Sudden voice dysphoria

On the phone, english is my second language.

I've been om T for almost 3 years and are generally happy with my results, I feel much better mentally and pass most of the time. I've never really liked my voice, but it never felt like a super big problem.

Earlier this week me and my husband where smoking some weed and talking nonsens, and suddenly I felt a viceral reaction to hearing my own voice, that I never felt before. I had to take a moment and my husband that I couldn't talk due to dysphoria. I chalked it up to the weed and we ended the night waching a movie.

But the issue is that the voice dysphoria is still there. I feel such a shame and anxiety opening my mouth, especially talking to other men.
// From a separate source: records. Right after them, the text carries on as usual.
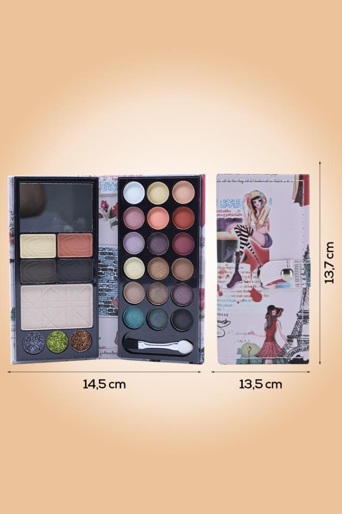 - Tek ambalajda çok sayıda farklı far rengi içeren palettir.Içerisinde farklı tonlarda mat ve parlak renkler bulunur.Açık ve koyu tonlarda günlük ve gece makyajında size eşlik edecek makyaj seti.Yumuşak doku uzak far ve sünger far aplikatörü ile beraber.Kalıcı renklere sahiptir. Ambalajı açılan ürünlerin iadesi yapılmamaktadır.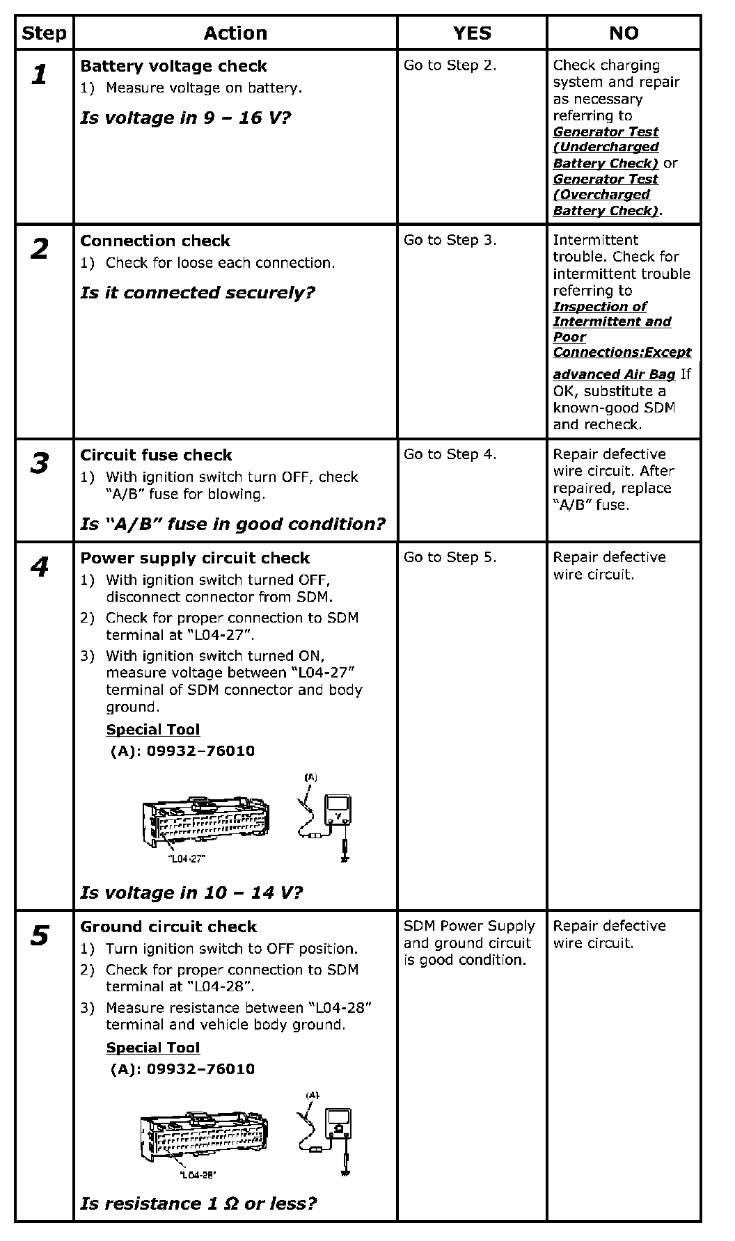 SDM Power Supply and Ground Circuit Check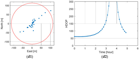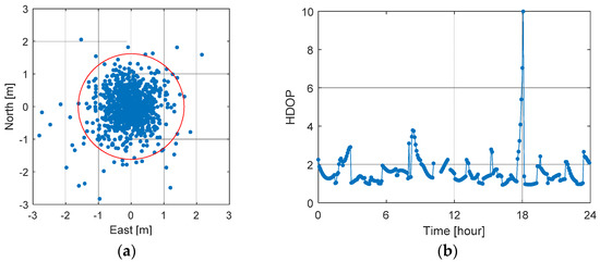 where indicates the th entry on the diagonal of , and , , and are the standard deviation of the east, north, and up (vertical) components of the position error, respectively. Equation (17) shows that the distribution of the position error depends entirely on the variance of the range error and the satellite geometry. The so-called horizontal dilution of precision (HDOP) is then given by: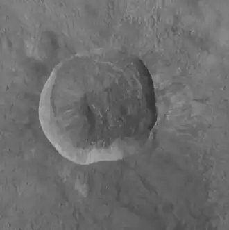 The crater has a bright ray system, as well as an unusual dark flow-feature associated with the southern rim. The flow-feature is interpreted as impact melt.[2]

I just stopped therapy(my alotted meetings ran out) and I really feel a would like to talk this through with my therapist. Maybe I'm extra sensitive right now because my therapy ended, a lot of the work have was about me being unable to express my needs and wants and not feeling worthy doing it. So it could be a case of cosmic humor that I now feel so uncomfortable with my own voice.

Going to private therapy or a voice coach is not doable economically, and I know I just have to deal with it until I've gotten my official diagnosis. Wich will take at least 1,5 year at this point.

Maybe I just needed to vent a bit, but if anyone want feel free to hit me with advice om hove to handle this.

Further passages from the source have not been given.